Engineering Contradictions & Design Principles
Engineering Contradiction Analysis
1Measurement precision
If existing QoS management systems are used, then general service level monitoring is provided, but focused transaction-level measurement and control is insufficient
Solution Approach 1:
The system segments QoS measurement at the transaction level by introducing a measurement engine that captures individual transaction instances rather than aggregate service metrics. This allows precise measurement of specific transaction types (e.g., login, search, checkout) while maintaining manageable system architecture through modular transaction type definitions.
Solution Approach 2:
A measurement engine is introduced as an intermediary component between the service layer and QoS management layer. This mediator collects transaction data from various services, processes it according to predefined transaction type definitions, and provides focused measurement results without requiring complex changes to the underlying services.

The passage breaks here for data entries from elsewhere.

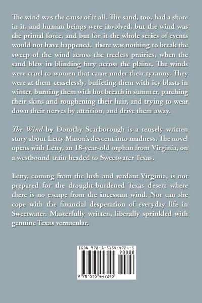 The wind was the cause of it all. The sand, too, had a share in it, and human beings were involved, but the wind was the primal force, and but for it the whole series of events would not have happened. there was nothing to break the sweep of the wind across the treeless prairies, when the sand blew in blinding fury across the plains. The winds were cruel to women that came under their tyranny. They were at them ceaselessly, buffeting them with icy blasts in winter, burning them with hot breath in summer, parching their skins and roughening their hair, and trying to wear down their nerves by attrition, and drive them away. The Wind by Dorothy Scarborough is a tensely written story about Letty Mason's descent into madness. The novel opens with Letty, an 18-year-old orphan from Virginia, on a westbound train headed to Sweetwater Texas. Letty, coming from the lush and verdant Virginia, is not prepared for the drought-burdened Texas desert where there is no escape from the incessant wind. Nor can she cope with the financial desperation of everyday life in Sweetwater. Masterfully written, liberally sprinkled with genuine Texas vernacular.
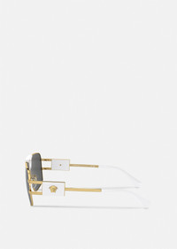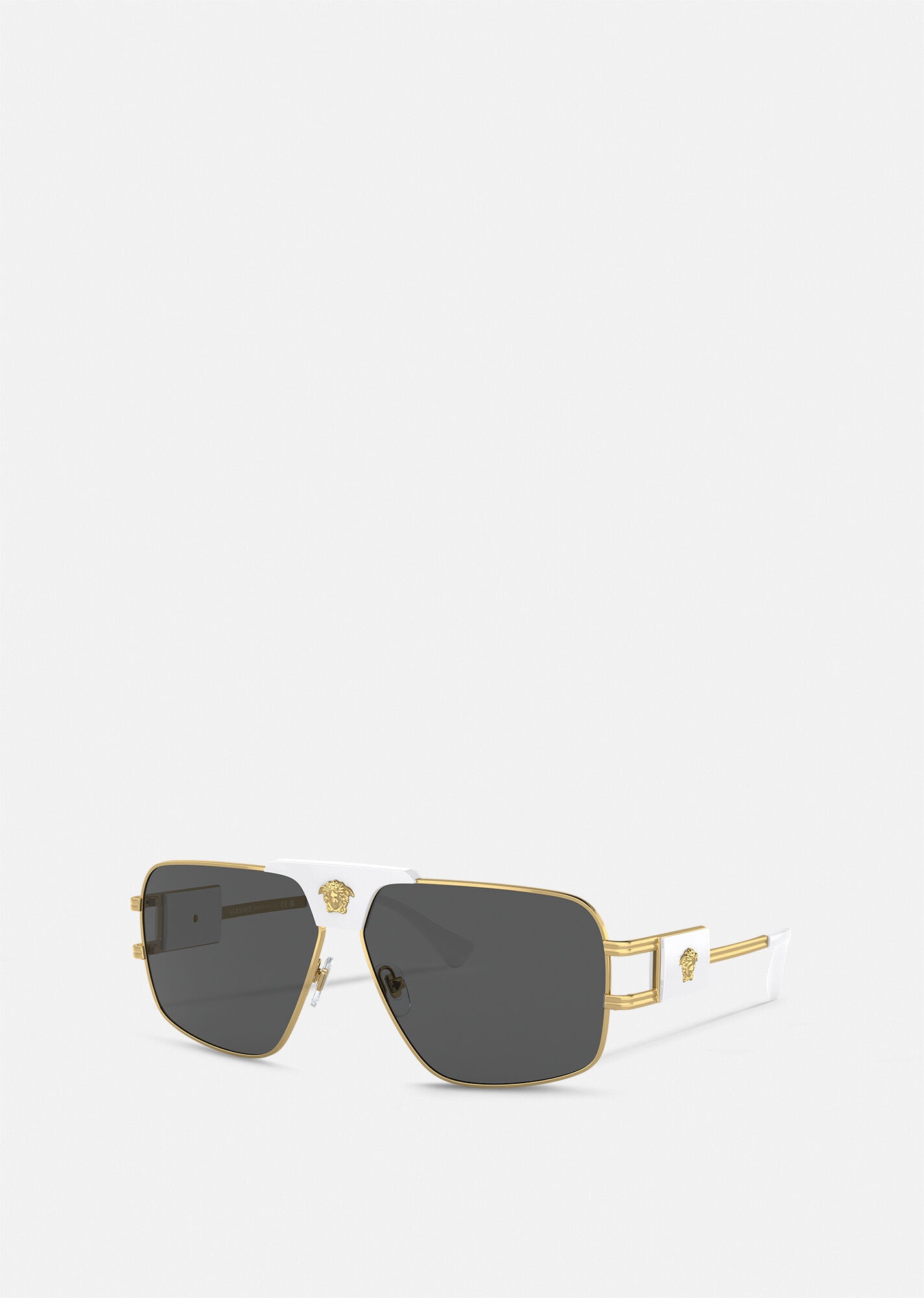 DETAILS Geometric aviator-inspired sunglasses featuring metal frames, dark tinted lenses and Medusa hardware. - Medusa hardware - Frame color: Gold-tone - Temple color: Optical white - Lens color: Dark grey - Frame: Metal - Temple: Metal Item: O2251-O14718763_RTU_TU_ONUL__ SIZE & FIT - Eye size: 24'8" in - Bridge: 4'7" in - Temple: 57'1" in
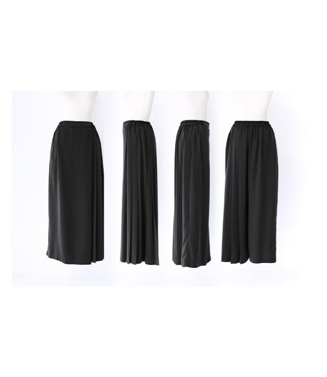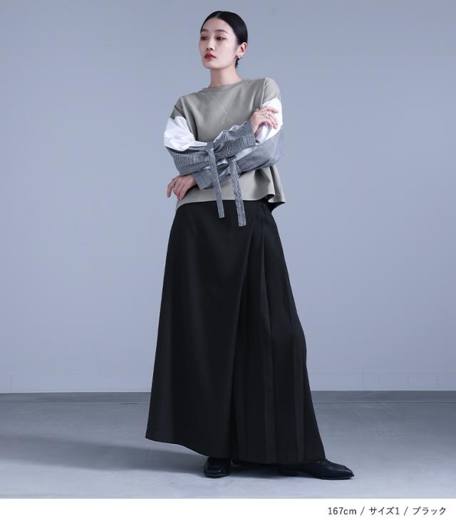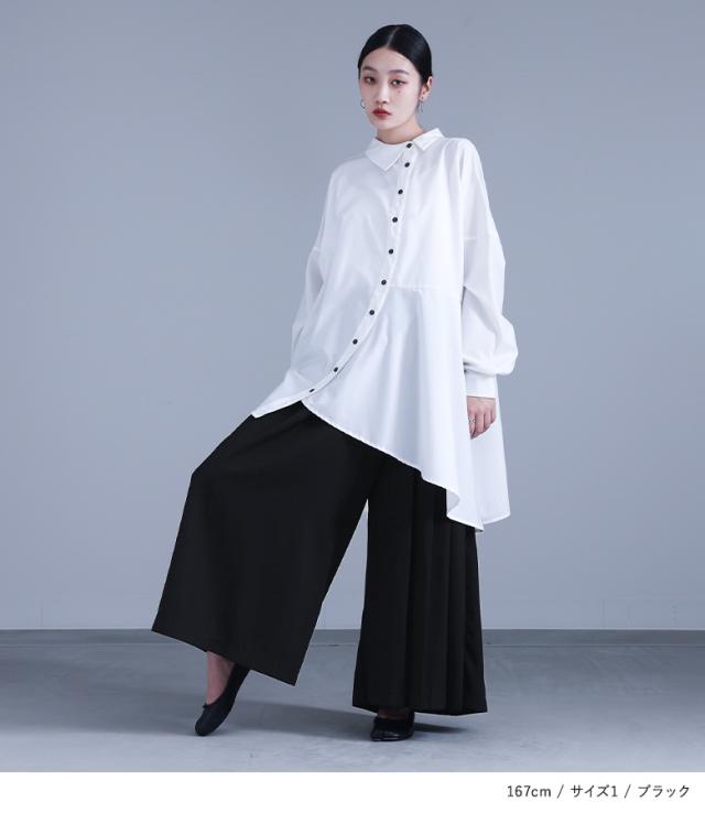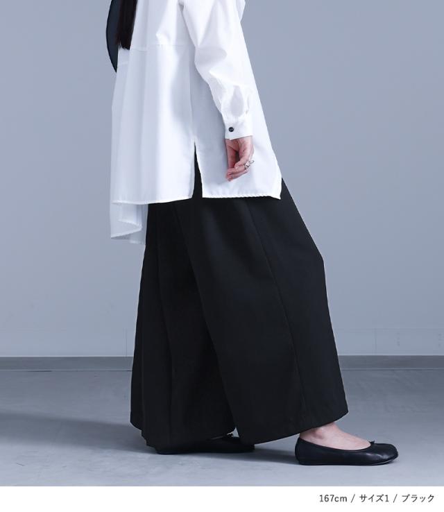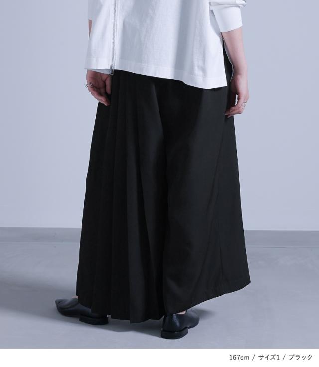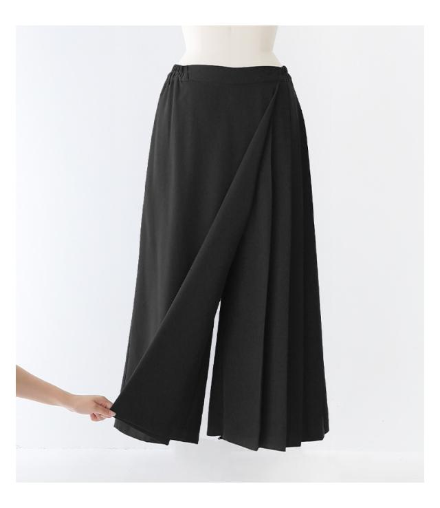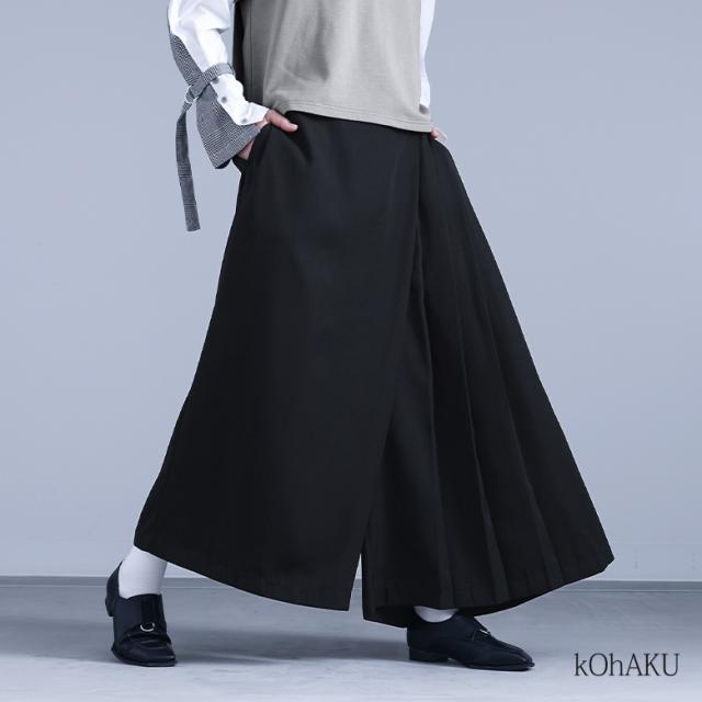 レディース ボトムス パンツ ロングパンツ ワイドパンツ スカンツ スカーチョ ガウチョパンツ ロング丈 マキシ丈 フルレングス プリーツ 片側プリーツ 前重ね カシュクール カシュクール風 ウエストゴム アシンメトリー アシメ 切り替え 無地 ツイル生地 おうちで洗える 秋冬春 カジュアル 大人女子 大人可愛い きれいめ モード ラフ かっこいい Mサイズ Lサイズ LLサイズ 3Lサイズ ぽっちゃり 体型カバー 大きいサイズ kOhAKU コハク ブラック 黒 【パンツ】[ID]pek0272
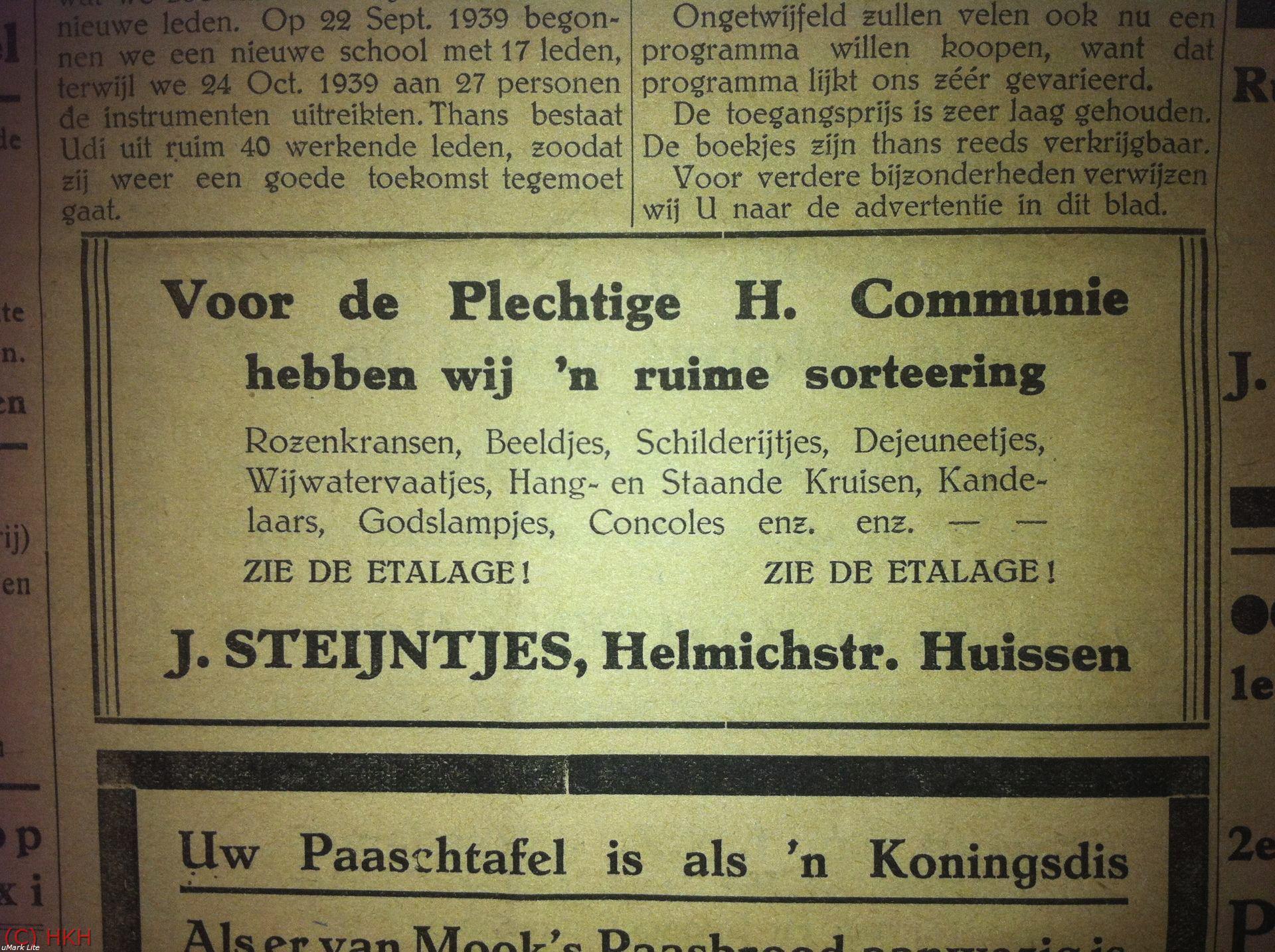 Tijdens deze avond zijn beelden vertoond die een overzicht geven van de beroepen die in de 30'er- en begin 40'er jaren in Huissen werden uitgeoefend.Hieronder vindt u hier een selectie van negen foto's over dit onderwerp.

2Adaptability or versatility
If multiple services are hosted in a service-based system, then service versatility is improved, but QoS compliance control becomes difficult
Solution Approach 1:
The system defines transaction types in a universal manner that applies across multiple services. A single transaction type definition (e.g., 'search') can be used to monitor the same operation across different services (e-service A, e-service B), enabling consistent QoS control without requiring service-specific monitoring logic.
Solution Approach 2:
The system changes the monitoring parameters from service-level aggregates to transaction-level metrics. By focusing on transaction types and instances rather than service implementations, the system maintains ease of operation across versatile service environments while achieving precise QoS compliance control.
3Reliability
If real-time QoS monitoring is implemented, then service reliability is improved, but processing overhead increases
Solution Approach 1:
The system performs preliminary actions by pre-defining transaction types and their associated QoS parameters before actual monitoring occurs. This allows the measurement engine to process transactions efficiently using predefined schemas rather than dynamically analyzing each transaction, reducing processing overhead while maintaining real-time monitoring capability.
Solution Approach 2:
The measurement engine operates autonomously by self-managing the collection, processing, and analysis of transaction data according to predefined transaction type definitions. This self-service approach eliminates the need for complex external intervention and reduces overall system processing overhead while ensuring continuous reliability monitoring.
Data Source
AI summary
Quality of Service (QoS) management in a service-based system may be provided by adaptively adjusting system operational parameters in response to real time relationships between QoS specifications and measurements. A QoS manager may include a measurement engine configured to acquire real time data that is specific to transaction instances of various transaction types. The manager also may include a controller for comparing transaction data from the measurement engine to the guaranteed QoS standards. Depending upon the results of the comparison, the controller may invoke control actions.